Raf kinase activity is deregulated in cancers and is thought to promote tumor growth by inducing proliferation signaling through MEK/Erk. This report identifies a new role for c-Raf independent of MEK/Erk and relying on phosphorylation of Ser338. Phospho–C-Raf interacts with the mitotic kinases Aurora-A and Plk1, activating the latter to promote mitotic progression and increase cell division, and this pathway is a crucial mediator for the protumorigenic effect of c-Raf in vivo.

This report identifies oncogenic fusions in individuals with breast cancer involving the genes encoding NOTCH and MAST, recurring in approximately 5–7% of studied cases. The fusions show growth-promoting properties that suggest that they may represent targetable events in a subset of people with breast cancer.

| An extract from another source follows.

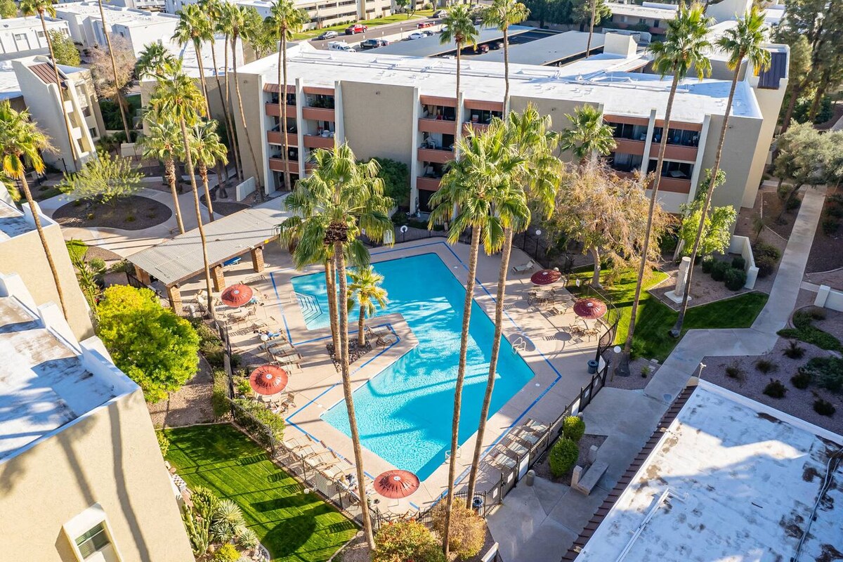 Acest apartament cu un dormitor și o baie la etajul al doilea (o jumătate de zbor de scări) se află la mai puțin de O MILĂ de toate: Fashion Square, Old Town Scottsdale și multe altele! Poți face o plimbare relaxată și ajunge în centrul vechi în mai puțin de 20 de minute. De asemenea, este la mai puțin de 12 minute de Tempe Marketplace. Complexul Maya Condo are, de asemenea, o piscină mare, o cadă cu hidromasaj și o sală de gimnastică mică (mai veche). Terasa este amenajată într-un videoclip boem relaxant - locul perfect pentru a te relaxa după o zi lungă de explorare!

Amyotrophic lateral sclerosis (ALS) is a neurodegenerative disease that primarily affects motor neurons. Now, Valentin Gribkoff and his colleagues show some preliminary evidence that the drug dexpramipexole may have clinical activity in a small placebo-controlled trial in patients with ALS.

Timothy syndrome is a neurodevelopmental disease that includes autism-like features. Using iPS-derived neurons from individuals with Timothy syndrome, Ricardo Dolmetsch and his colleagues identify changes in cortical neuron fate and neurotransmitter expression that may begin to explain the neural mechanisms that underlie this disorder.

Although maturation of dendritic cells can drive autoimmune responses in mice, it remains unclear whether intrinsic factors hold dendritic cells in a resting state. Pamela Ohashi and her colleagues identify a repressive mechanism requiring expression of nuclear factor-κB1 in dendritic cells. Loss of nuclear factor-κB1 results in CD8⁺ T cell activation, TNF-α production and autoimmune diabetes in mice.

Wound healing involves a transient regeneration of tissue, but, if this process continues unabated, pathology occurs in the form of fibrosis, which can prevent normal organ function and even death. Derek Mann and his colleagues have found that serotonin-responsive profibrogenic hepatic stellate cells inhibit the growth of neighboring liver cells during the termination phase of liver injury. They also found that inhibiting serotonin signaling during established disease improved liver fibrosis in various mouse models of liver injury.

Osteoarthritis, the breakdown of cartilage in synovial joints, has long been viewed as the result of 'wear and tear', but this report shows that dysregulation of the complement system has an active role in the pathogenesis of this disease.

The future of imaging is the integration of function and anatomy. Hongki Yoo et al. have successfully done just that by combining two existing intravascular imaging techniques into a single catheter-based system. Their dual-modality intra-arterial catheter uses a combination of optical frequency domain imaging and near-infrared fluorescence imaging to simultaneously provide molecular information in the context of the surrounding three-dimensional microanatomy of the artery wall.

Makoto Mitsunaga et al. have developed a new form of molecular-targeted cancer therapy that provides an alternative to current photodynamic approaches where damage to surrounding healthy cells and tissues can be a problem. They use a target-specific photosensitizer based on a near-infrared phthalocyanine dye, which is conjugated to monoclonal antibodies targeting human epidermal growth factor receptors (HER1 and HER2). Selective treatment using this approach was shown in vivo in subcutaneous cancer xenografts in mice.